Let's assume I have
struct foo
{
unsigned int bar : 7;
unsigned int next_field : 1;
}
void funct()
{
struct foo demo;
demo.next_field = 0;
unsigned char *barptr = (unsigned char *)&demo;
/*1 = 00000001, bar can contain only 7 bits*/
*barptr = 1;
}
since bar is 7 bit where as char is 8 bits, what will happen? Will bar be filled with zeros and next_field contain the 1?
Will the result be:
0000000 1
|_____| |_|
bar
or
0000001 0
|_____| |_|
bar
or:
0000000 0
|_____| |_|
bar
I would check using my compiler but I don't know wether this behavior is implementation-defined, in witch case the compiler can be misleading.
At this point you are quite brutally crossing borders of clean programming.
unsigned char *barptr = &foo.bar; /* first version of the question */
unsigned char *barptr = (unsigned char *)&demo; /* after edit */
You are using the address of something which is not a char in at least two ways and write it to a pointer to char.
After that using that pointer basically tells the compiler "Here is a char. Honest. Believe me. Trust me.

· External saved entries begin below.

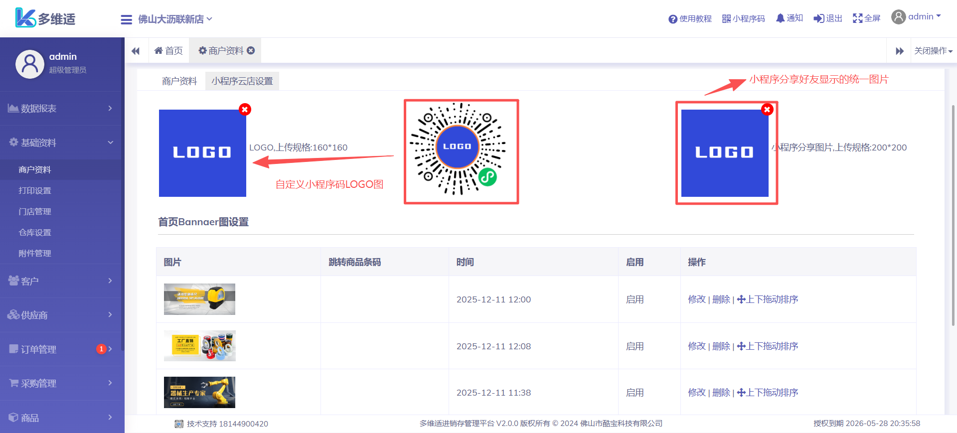 1、自定义小程码的LOGO图并设置小程序分享图片;注意:小程序码是进入你的小程序云店唯一路径,可下载并印刷到企业宣传单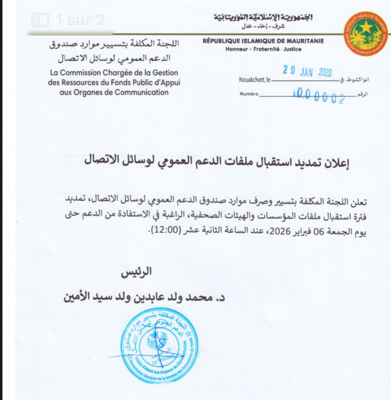 أعلنت اللجنة المكلفة بتسيير وصرف موارد صندوق الدعم العمومي لوسائل الاتصال عن تمديد فترة استقبال ملفات المؤسسات والهيئات الصحفية الراغبة في الاستفادة من الدعم العمومي، وذلك إلى غاية يوم الجمعة 06 فبراير 2026 عند الساعة ا
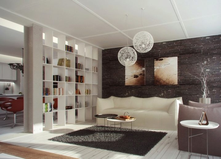 - Простота и минимализъм в мебелния дизайн. Функционалността на интериорните предмети е на първо място. Един прост правоъгълен плот е идеален тук. В дебелината на преградата могат да се поставят хромирани метални лампи.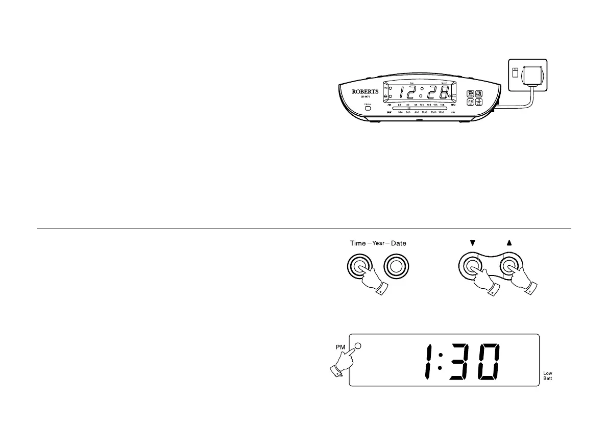 1. Placeyourclockradioonaatsurface.Plugthepowercordintothe

Just write it." Whether or not you do that with a type cast (one of the differences between the two versions) is actually irrelevant.
*barptr = 1;
Any "knowing bitsize of bitfield" which the compiler had before have been flattened by you blatantly lying to the compiler afterwards.
If you want to cleanly write bar via a pointer do it like this
struct foo *demop;
demop = &demo;
demop->bar = 1;